Einbau einer Dampfbremse

Die Dampfsperrfolie wird stets raumseitig, also an der Innenseite zur Dämmung, angebracht. Sie muss zwingend dicht sein und darf keinerlei Beschädigungen aufweisen. Daher nutzt der Fachmann hierfür spezielle Klebebänder oder Kleber und verklebt die Folien-Bahnen luftdicht und überlappend, sodass die Dampfbremse absolut dicht ist.

Das gilt vor allem auch für Anschlüsse wie Lichtschalter und Steckdosen sowie für Fenster und Türen. Diese Arbeiten sollten auf keinen Fall von Laien in Eigenregie durchgeführt werden. Zu groß ist hier das Risiko, dass unsauber gearbeitet wird. Das hätte zur Folge, dass die Dämmung nur eingeschränkt funktioniert oder gar unwirksam ist.

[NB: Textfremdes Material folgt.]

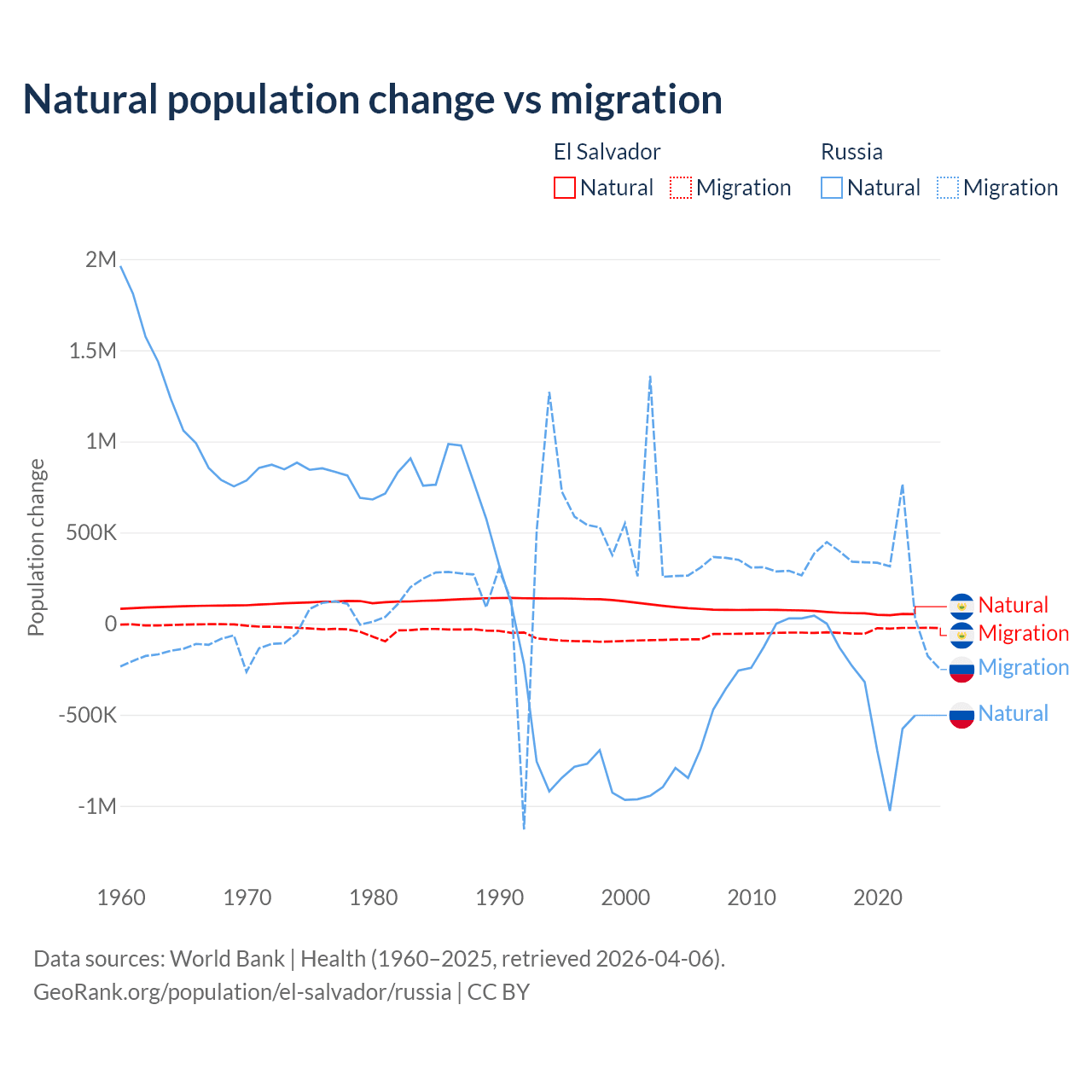 Over the last 10 years, 58.8% of the population change in El Salvador is from natural causes (a gain of 579,641 people) and 41.2% is from migration (a loss of 406,874 people). In Russia 48.6% is from natural causes (a loss of 3,416,377 people) and 51.4% is from migration (a gain of 3,611,826 people).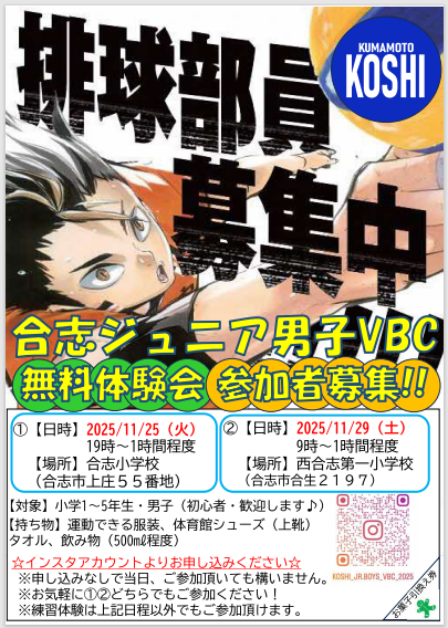 合志ジュニア男子バレーボールクラブから、部員募集及び体験会の案内チラシです。
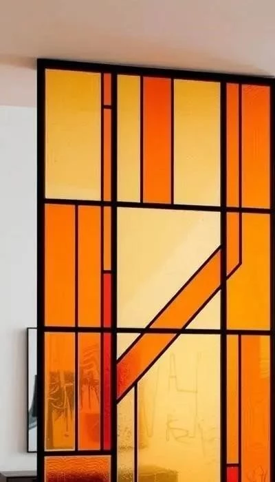 Геометрические узоры: В 2026 году в тренде витражи с четкими геометрическими узорами – от простых линий и фигур до сложных многоугольников и орнаментов. Такие витражи идеально вписываются в современный интерьер и придают ему динамичный и стильный вид.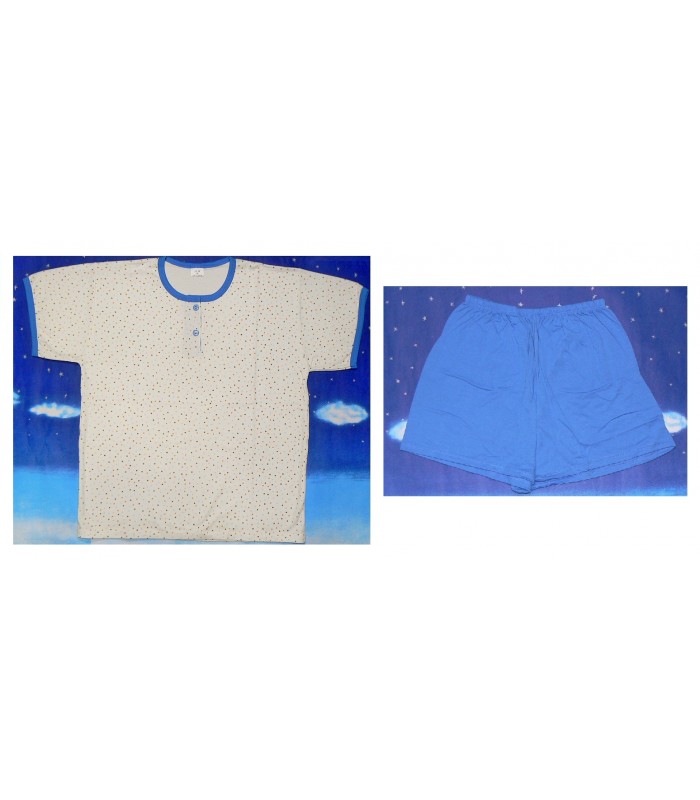Pijama para verano de manga y pantalón corto con dibujo clásico y apertura en cuello.
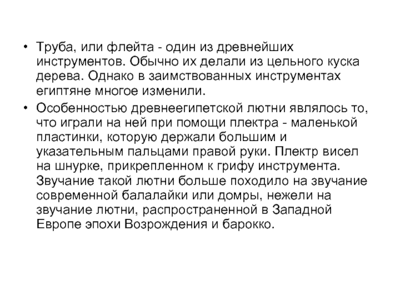 Труба, или флейта - один из древнейших инструментов. Обычно их делали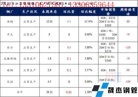 江蘇優(yōu)特無縫厚壁鋼管廠家棒材總庫存39.21萬噸,較上周上升0.61萬噸,環(huán)比增1.58%,較去年同期下降8.3萬噸,同比降17.47%,目前江蘇優(yōu)特無縫厚壁鋼管廠家均正常生產(chǎn)。
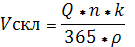 ССШПЦ 300: Vскл = (10,04 * 253 * 7 * 0,8) / ( 365 * 1) = 38,97 м3
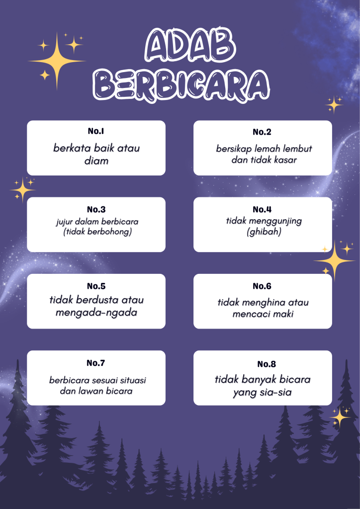 By admin / September 3, 2025 (Diniyah Lesson) Canva Poster Adab Adab Berbicara The “Speaking Manners” poster features engaging visuals, calming colors, and a well-organized layout. Its message is highly relevant for moral education, both in schools, religious study groups, and in everyday life. Download Project
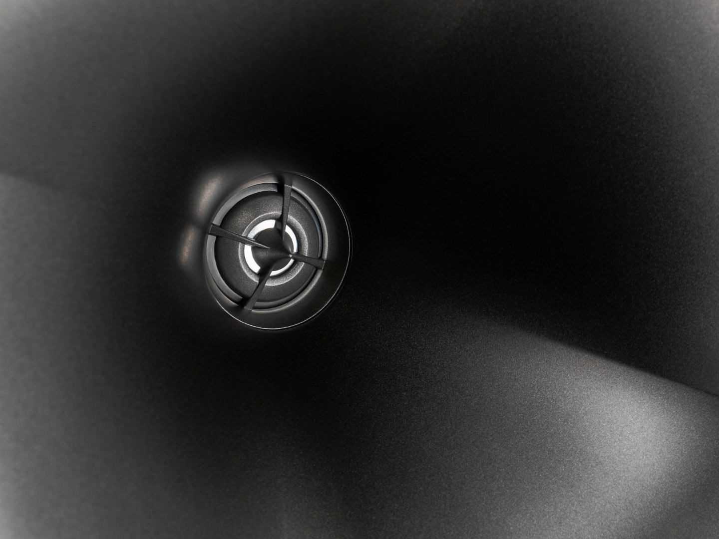 Прежде всего, конечно, на ярких диффузорах СЧ/НЧ-динамиков, выполненных из металлокерамики с медным покрытием, а также на расположенном над ними фирменном гибридном рупоре Tractrix. Он представляет собой конусную воронку во внутренней части и четырехугольную усеченную пирамиду с плавно изогнутыми гранями — во внешней. Эта передняя часть изготовлена из литого под давлением и приятного на ощупь силикона, демпфирующего резонансные колебания и устраняющего возникающие из-за них шумы.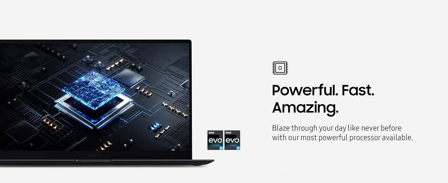 - POWERFUL. FAST. AMAZING: Our new laptop is packed with the premium performance you’ve come to expect from Samsung — plus some; It’s powered by the latest 12th Gen Evo-certified Intel processor. our most powerful available CPU yet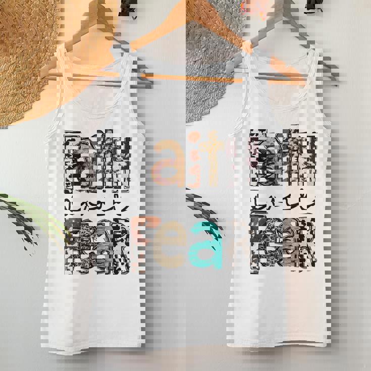 Leopard Faith Over Fear Cowboy Western Country Christian Women Tank Top Basic Casual Daily Weekend Graphic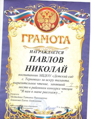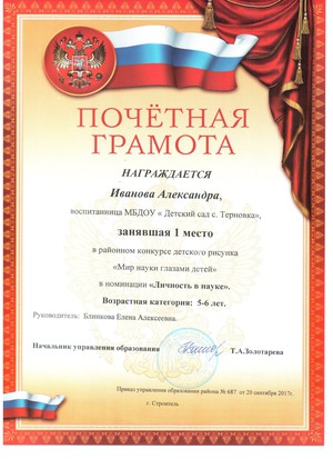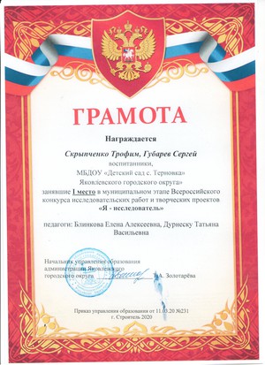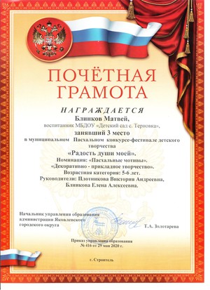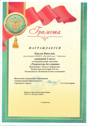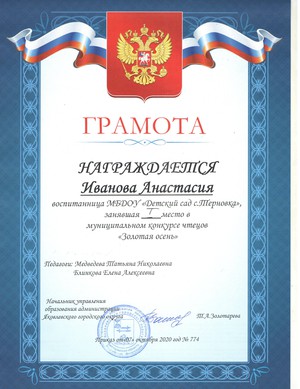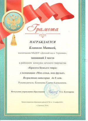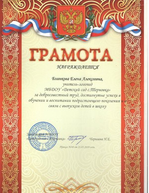 Награждена грамотой заведующего ДОО в 2019 году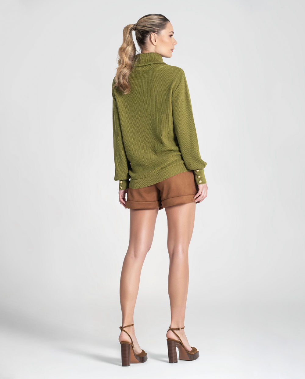 Jersey de cuello vuelto color verde oliva con siglas RG en relieve, fabricado en Portugal en punto frío por la firma Rüga.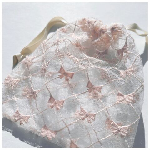 ◆小ぶりなリボンモチーフがガーリーなレース刺繍生地です。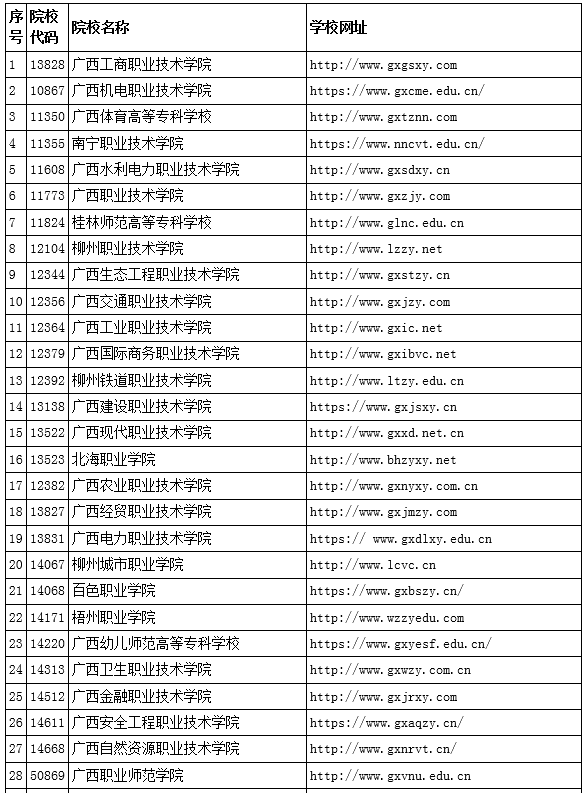 附件:广西公办高职高专院校招生联盟2022年高职单招联合测试院校成员名单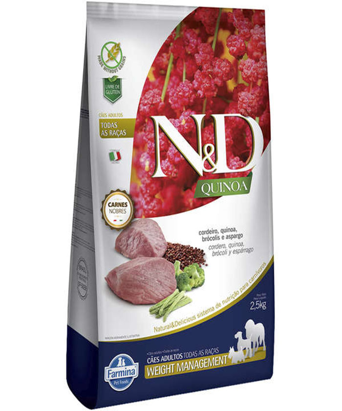 A Ração Farmina N&D Quinoa Weight Management Cordeiro para Cães Adultos de Todas as Raças conta com fórmula italiana, um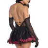 A super soft stretch lace three piece set. Comprising chaps! split cup tie top and open front thong! A lot of lace in this stunning set. Arrives packaged in a lovely Shirley of Hollywood box.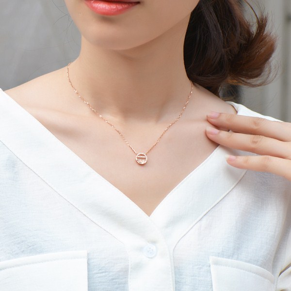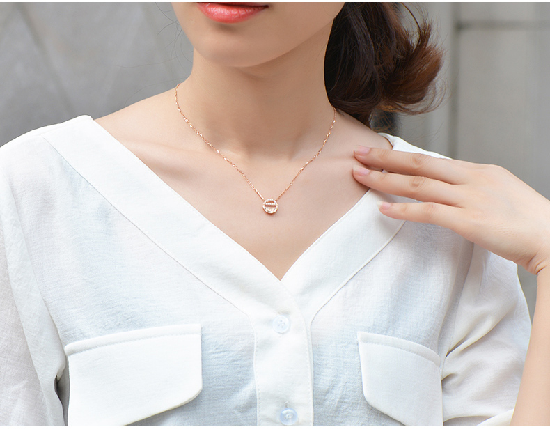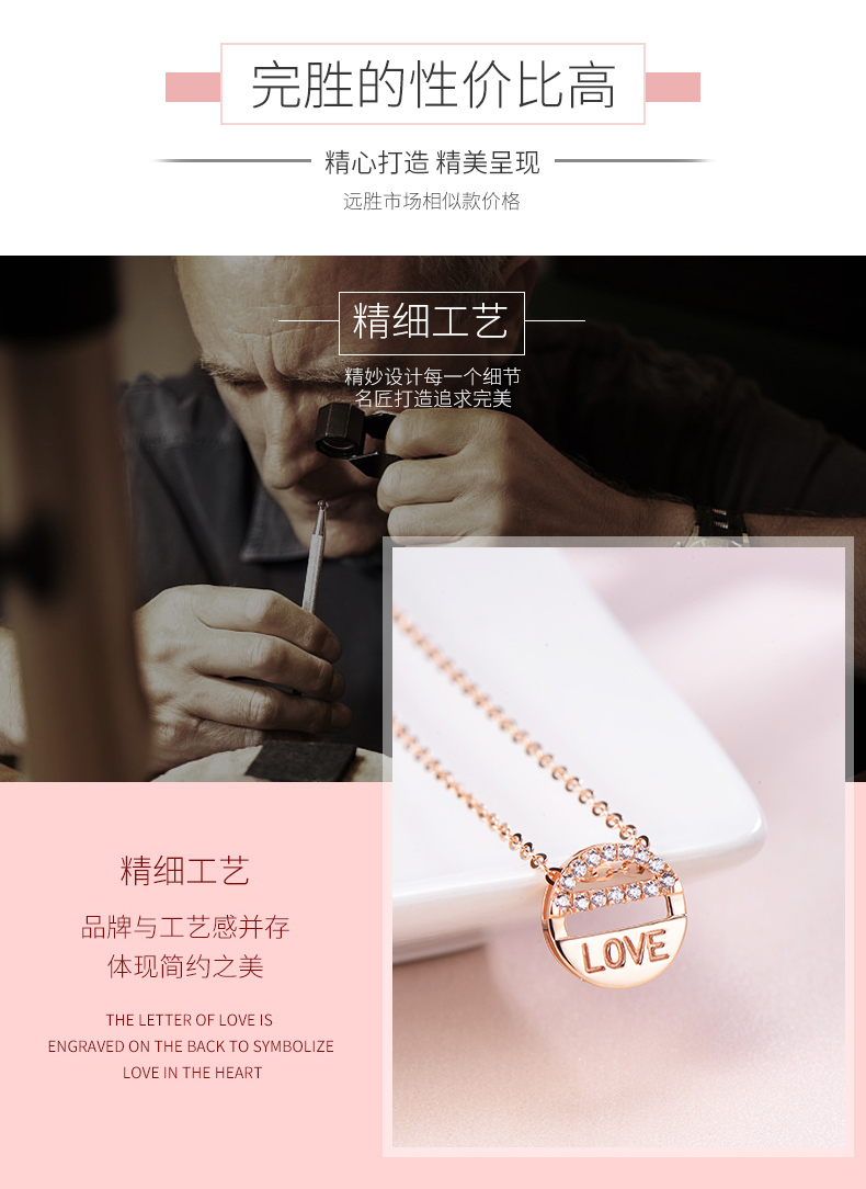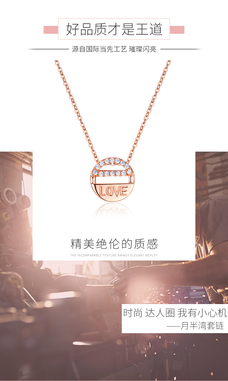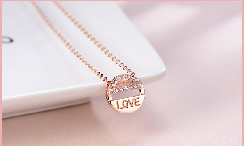 彩金项链女新款18K金项链K金love字母吊坠750套链锁骨链时尚首饰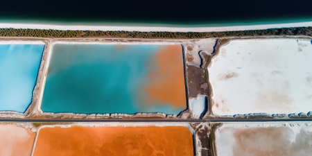 Generative AI, Salt farm landscape, photorealistic top view drone, horizontal banner. Extraction of salt from sea water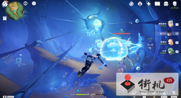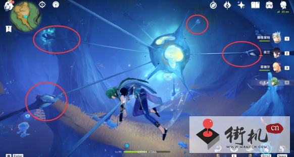 ③借由水母的力量同时炸开堵路生物,继续前进。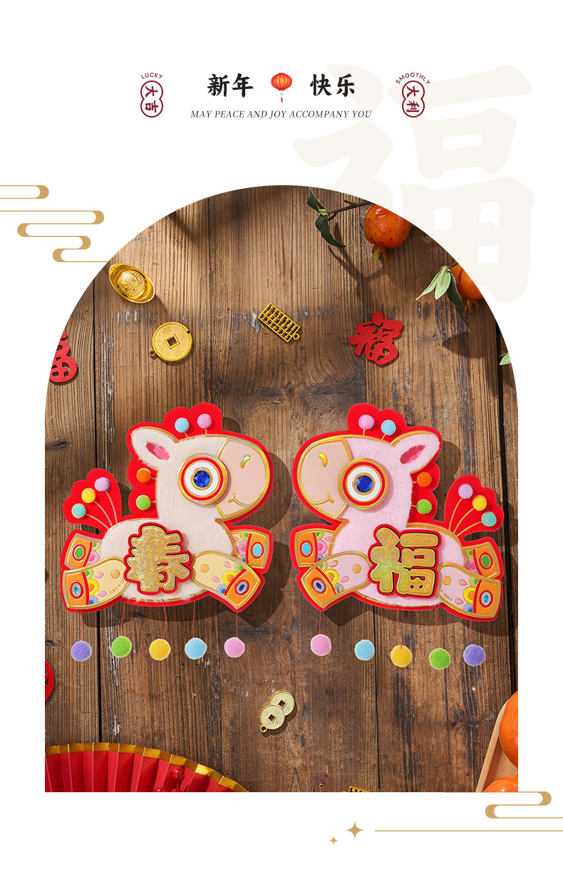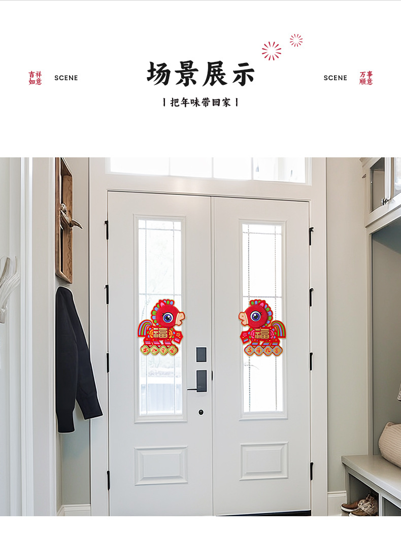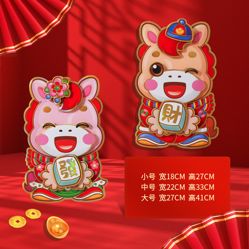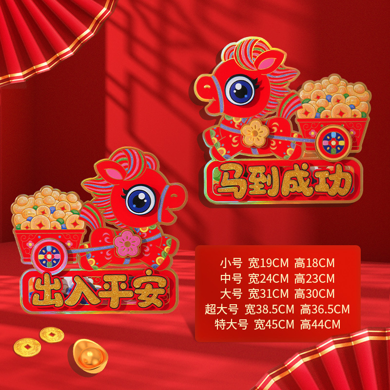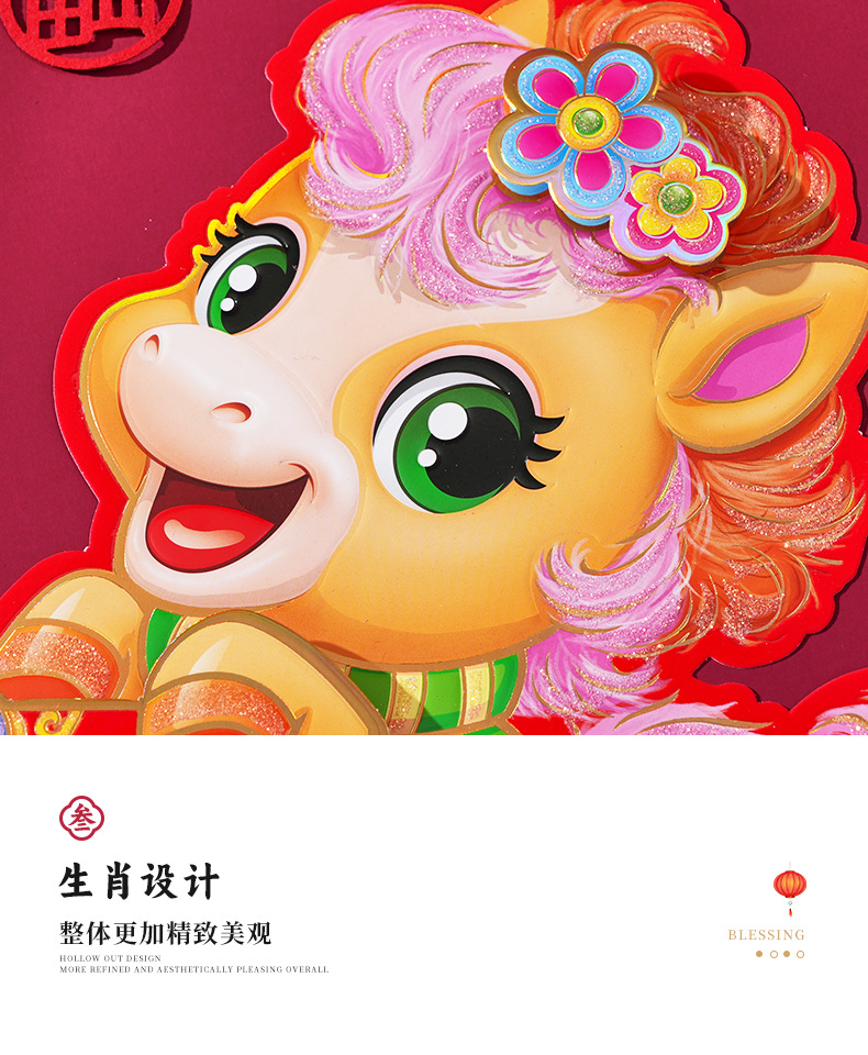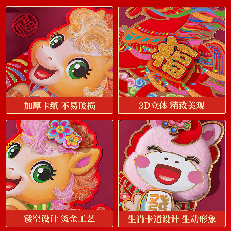 gate stickers door-to-door fu character new ornament spring festival stickers horse new year picture stickers 2026 three-dimensional new year zodiac year flocking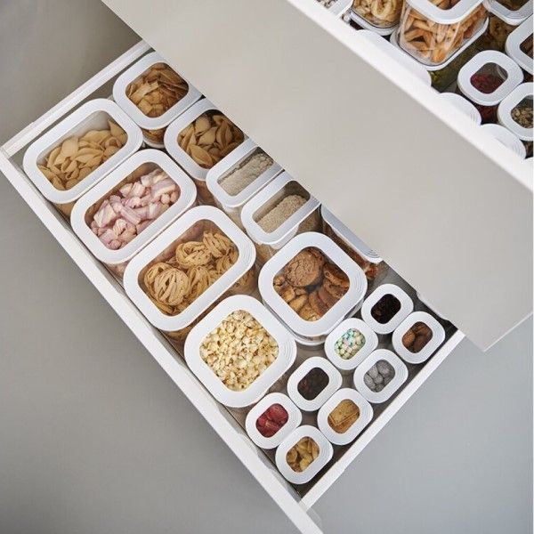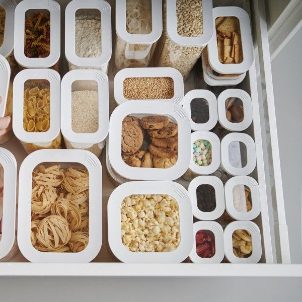 This small rectangular (175 ml / 6 oz ) box has rounded corners and its transparent lid allows you to see its contents instantly, even in your kitchen drawer. The white ring provides a perfect fitting which makes this small box ideal for storing dried food such as pasta, flour, biscuits or packets of soup.

Schlimmstenfalls würde das einerseits wegen des höheren Wärmebedarfes und andererseits wegen der nötigen Reparaturen zu enormen Mehrkosten führen, die jegliche Amortisation der Dämmung unmöglich machen. Dazu kommt, dass nur ein Fachmann einen Blower-Door-Test durchführen kann, um die Dichtheit der Dampfbremse zu testen und zu gewährleisten. Außerdem muss ein Fachmann für eventuelle Fehler haften.

Alternativen zur Dampfbremse

Bild: Dampfbremse
Diese Folie schützt die Dämmung vor Feuchtigkeit | © Baumeister2012 / www.wikipedia.org CC BY-SA

Alternativ zu einer Dampfbremsfolie können bei einem Innenausbau auch OSB-Platten verwendet werden. Allerdings muss auch hier geschaut werden, dass diese Platten möglichst luftdicht (Nut & Feder-Systeme) aneinander montiert werden, da ansonsten Feuchtigkeit durch die Luftspalte gelangen kann.

Auch PUR-Dämmplatten mit Nut & Feder für den Innenausbau können genutzt werden und können dank Alukaschierung die Funktion der Dampfbremse übernehmen. Sie verfügen darüber hinaus über einen sehr guten U-Wert.